Scottish prescriptions for Morning After Pill soar

Prescriptions for the morning-after pill have trebled in just three years in Scotland after pharmacists began giving the drug out to girls as young as 13.

New figures show more than 2,300 morning-after pills (MAPs), which can cause an early stage abortion, were handed out in Scotland every week last year.

Norman Wells, Director of the Family Education Trust, warned that the easy availability of the MAP is having a “damaging social effect, by lulling young people into a false sense of security”.

Around 40,000 MAPs were prescribed in 2007-8 but following a change in 2008 which allowed community pharmacists to give them out, prescriptions jumped to around 120,000 in 2010-11.

The figures come from research carried out for the Scottish Government. The research also found some NHS and pharmacy staff were calling for an end to Christian pharmacists’ right to decline giving out the MAP.

Mr Wells said: “Research shows that making the morning-after pill more readily available doesn’t make the slightest difference to unintended pregnancy and abortion rates.

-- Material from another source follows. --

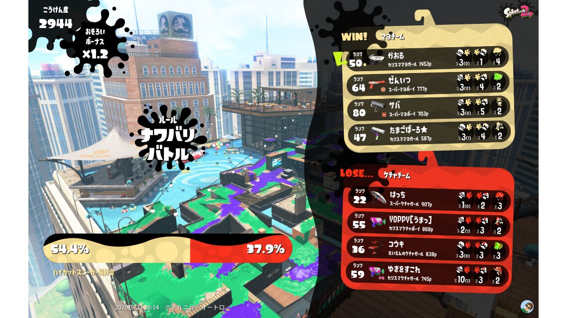 | Team マヨ ハイカットスニーカー同好会 Win Streak: 0 | 3,520 | 11 / 14 | 0.79 44.00% | ||||

“The easy availability of the morning-after pill is having a damaging social effect, by lulling young people into a false sense of security and exposing them to a higher risk of sexually transmitted infections.”

In February a report found that handing out free MAPs to teenage girls in England did nothing to reduce teen pregnancies and may have led to an increase in the rate of sexually transmitted infections (STIs).

The study compared areas of England where the MAP was handed out free of charge with others that either declined to introduce the scheme, or did so at a later date.

The study, by Professor David Paton and Professor Sourafel Girma, found that rates of pregnancy among teenage girls remained the same, but the STI rate increased by five per cent in areas where the MAP was available for free.